Как и у Вэнса, в мире Вулфа достаточно развитая наука неотличима от магии, с одной важной оговоркой: магии как таковой в «Книге…» нет вообще (максимум – «экстрасенсорные способности»), и подлинные чудеса имеют прямое отношение к метафизике, а не волшебству, что бы ни понимали под этим словом[8].

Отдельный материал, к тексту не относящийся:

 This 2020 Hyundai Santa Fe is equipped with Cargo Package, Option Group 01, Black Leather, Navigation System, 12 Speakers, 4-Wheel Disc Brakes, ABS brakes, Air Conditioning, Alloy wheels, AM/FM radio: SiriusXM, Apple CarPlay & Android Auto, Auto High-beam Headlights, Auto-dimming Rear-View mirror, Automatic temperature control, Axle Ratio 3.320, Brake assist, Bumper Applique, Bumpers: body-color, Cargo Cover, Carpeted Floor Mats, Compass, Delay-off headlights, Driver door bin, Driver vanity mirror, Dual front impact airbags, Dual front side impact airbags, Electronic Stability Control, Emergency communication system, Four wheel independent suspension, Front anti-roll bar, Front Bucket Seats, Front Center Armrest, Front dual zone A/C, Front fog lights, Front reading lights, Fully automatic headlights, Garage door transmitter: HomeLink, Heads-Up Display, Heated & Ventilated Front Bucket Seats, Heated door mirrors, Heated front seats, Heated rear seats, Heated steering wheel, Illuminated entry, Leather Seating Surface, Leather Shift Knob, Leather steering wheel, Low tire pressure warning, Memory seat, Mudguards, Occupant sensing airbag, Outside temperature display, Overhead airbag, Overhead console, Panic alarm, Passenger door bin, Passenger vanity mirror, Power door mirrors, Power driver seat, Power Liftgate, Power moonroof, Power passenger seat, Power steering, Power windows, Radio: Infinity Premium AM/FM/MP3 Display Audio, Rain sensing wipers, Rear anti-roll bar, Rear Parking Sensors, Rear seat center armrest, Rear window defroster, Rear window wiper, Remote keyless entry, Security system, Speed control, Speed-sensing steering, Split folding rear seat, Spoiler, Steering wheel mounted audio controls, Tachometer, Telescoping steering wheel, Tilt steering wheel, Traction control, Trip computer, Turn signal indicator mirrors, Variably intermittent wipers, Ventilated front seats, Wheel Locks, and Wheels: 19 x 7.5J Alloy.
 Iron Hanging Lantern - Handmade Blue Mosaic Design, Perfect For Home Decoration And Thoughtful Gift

Тут и начинаются проблемы перевода: мир, где происходит действие «Книги…» (его обитатели, как правило, не используют слово «планета»), называется Urth, что по произношению совпадает с Earth – «Земля». Стало быть, «Зимля» или что-то в этом роде. Но две другие планеты той же системы именуются Верданди и Скульд, а значит, Urth – это Урд, третья норна, богиня судьбы в германо-скандинавской мифологии. Оба значения, увы, никак не передать, и в этом издании мы выбрали второе, поскольку любой читатель довольно скоро понимает, о какой именно планете идет речь. Призовые очки тому, кто раньше всех догадается, на каком континенте живет Севериан.
Но вернемся к повести. Финал ее должен был стать совсем иным, нежели в «Книге…», но Вулф до него так и не добрался: ему казалось, что придуманный им мир заслуживает большего внимания, а значит, Севериана сто́ит отправить в странствие.

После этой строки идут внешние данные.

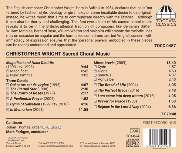 | Beschreibung: | The English composer Christopher Wright, born in Suffolk in 1954, declares that he is 'not fettered by fashion, style, ideology or gimmickry or some insatiable desire to be original'; instead, he writes music that aims to communicate directly with the listener - although it can also be thorny and challenging. This first-ever album of his sacred choral music reveals it to be in the British-cathedral tradition of composers like Benjamin Britten, William Mathias, Bernard Rose and Malcolm Williamson: the melodic lines may on occasion be angular and the harmonies sometimes tart, but Wright's concern with immediacy of expression ensures that the 'personal prayers' embodied in these pieces can be readily understood and appreciated., Runningtime: 00:00:00, Labelcode TCCT457.2 |
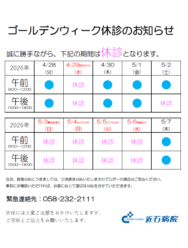 ゴールデンウィークのお知らせ
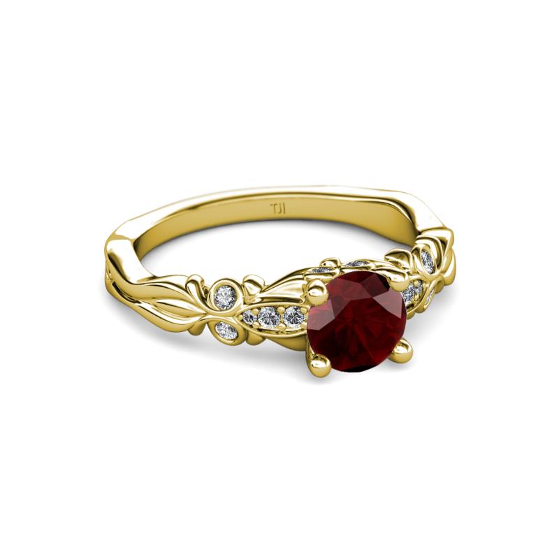 • 14 Round Diamond of 0.14 ctw/1.3 mm and 1 Round Red Garnet of 1.05 ctw/6.5 mm set using Pave, Prong & Bezel Setting.
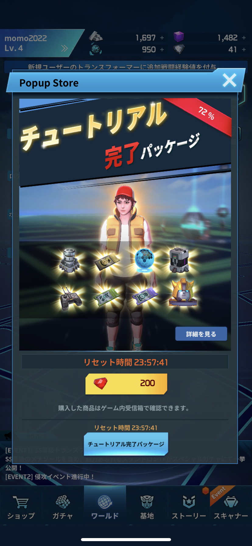 『TRANSFORMERS ALLIANCE(トランスフォーマーアライアンス) 』では、チュートリアル完了パッケージがお勧めです。

К тому времени, когда автор вместе с героем дошел до стены города Несс, книга по объему уже равнялась среднему роману. «Вместо того чтобы закруглить сюжет, я начал с полдюжины новых – и не меньше Севериана был изумлен появлением Доркас. Розы возникают в моих историях, независимо от того, сажал я их там или нет, и уже с первых глав они росли в трещинах несских стен… Очень хорошо. Я напишу трилогию».
Через три с лишним года трилогия была вчерне закончена, но третий том оказался куда больше предыдущих. Вулф попросил своего литагента Вирджинию Кидд спросить редактора Дэвида Хартвелла из Pocket Books, как он отнесется к такому неравновесию. «Она смягчила его ответ, но, подозреваю, тот был непечатным». По счастью для Вулфа, он заранее продумал запасной вариант: разделить последний том на два и расширить оба. Против тетралогии Хартвелл ничего не имел, и Вулф принялся за дело. Когда все четыре тома прошли две черновые стадии, он стал доводить до ума каждый из них последовательно, и в результате «Цитадель Автарха», например, была опубликована в пятой редакции. Так что, если вам, читатель, что-то покажется лишним или непонятным, будьте уверены: это замысел, а не авторский недосмотр.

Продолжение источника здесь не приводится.